### Work order
Exact reproduction of the listing is required. Pictures are not reproduced.

### Given material
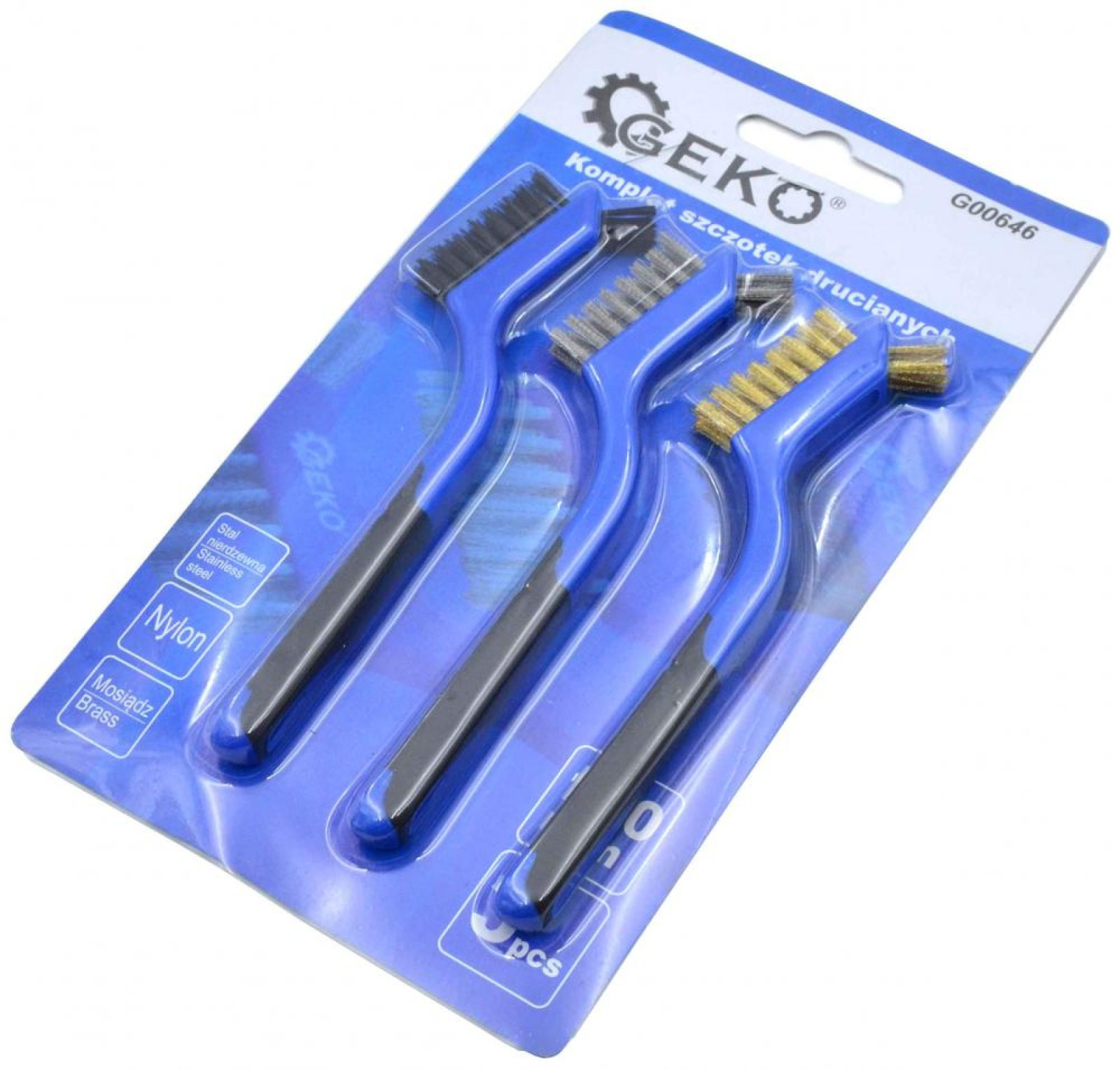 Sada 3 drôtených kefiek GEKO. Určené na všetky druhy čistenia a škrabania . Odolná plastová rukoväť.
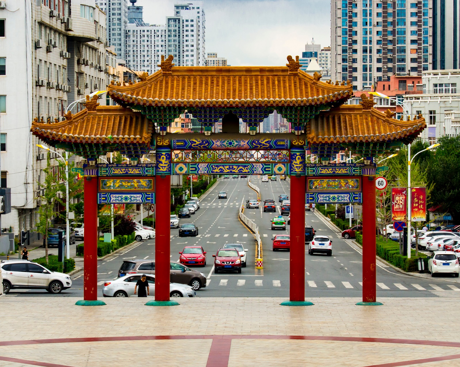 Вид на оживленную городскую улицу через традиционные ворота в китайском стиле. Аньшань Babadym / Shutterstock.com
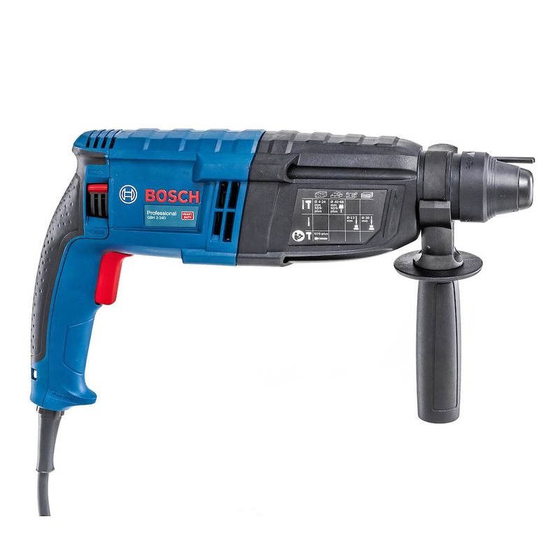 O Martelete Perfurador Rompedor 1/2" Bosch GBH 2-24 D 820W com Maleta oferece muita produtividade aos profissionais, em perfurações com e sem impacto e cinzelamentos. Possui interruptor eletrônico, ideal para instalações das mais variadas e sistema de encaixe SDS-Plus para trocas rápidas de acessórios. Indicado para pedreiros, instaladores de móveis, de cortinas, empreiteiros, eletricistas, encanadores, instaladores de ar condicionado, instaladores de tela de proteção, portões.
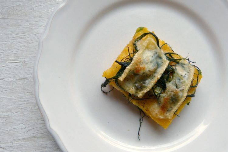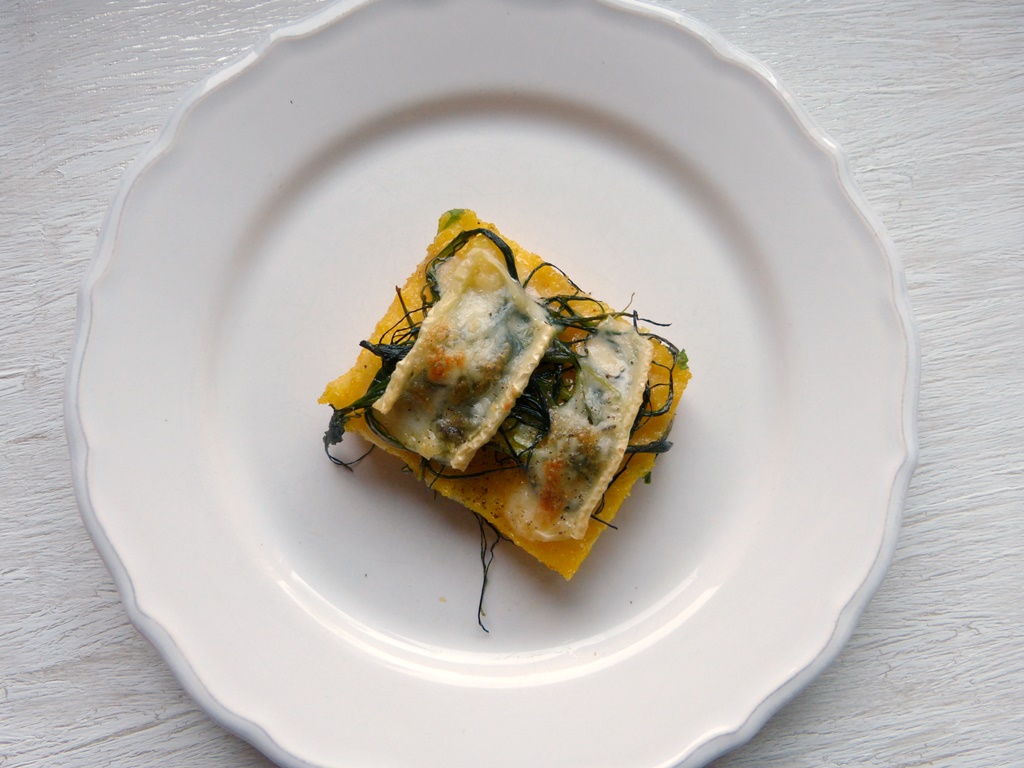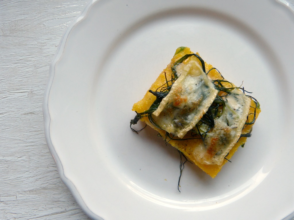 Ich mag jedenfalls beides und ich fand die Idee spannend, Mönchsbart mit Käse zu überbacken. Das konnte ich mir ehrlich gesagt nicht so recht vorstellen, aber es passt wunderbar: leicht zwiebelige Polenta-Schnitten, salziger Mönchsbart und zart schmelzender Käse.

### Response to the task
 Sada 3 drôtených kefiek GEKO. Určené na všetky druhy čistenia a škrabania . Odolná plastová rukoväť.
 Вид на оживленную городскую улицу через традиционные ворота в китайском стиле. Аньшань Babadym / Shutterstock.com
 O Martelete Perfurador Rompedor 1/2" Bosch GBH 2-24 D 820W com Maleta oferece muita produtividade aos profissionais, em perfurações com e sem impacto e cinzelamentos. Possui interruptor eletrônico, ideal para instalações das mais variadas e sistema de encaixe SDS-Plus para trocas rápidas de acessórios. Indicado para pedreiros, instaladores de móveis, de cortinas, empreiteiros, eletricistas, encanadores, instaladores de ar condicionado, instaladores de tela de proteção, portões.
 Ich mag jedenfalls beides und ich fand die Idee spannend, Mönchsbart mit Käse zu überbacken. Das konnte ich mir ehrlich gesagt nicht so recht vorstellen, aber es passt wunderbar: leicht zwiebelige Polenta-Schnitten, salziger Mönchsbart und zart schmelzender Käse.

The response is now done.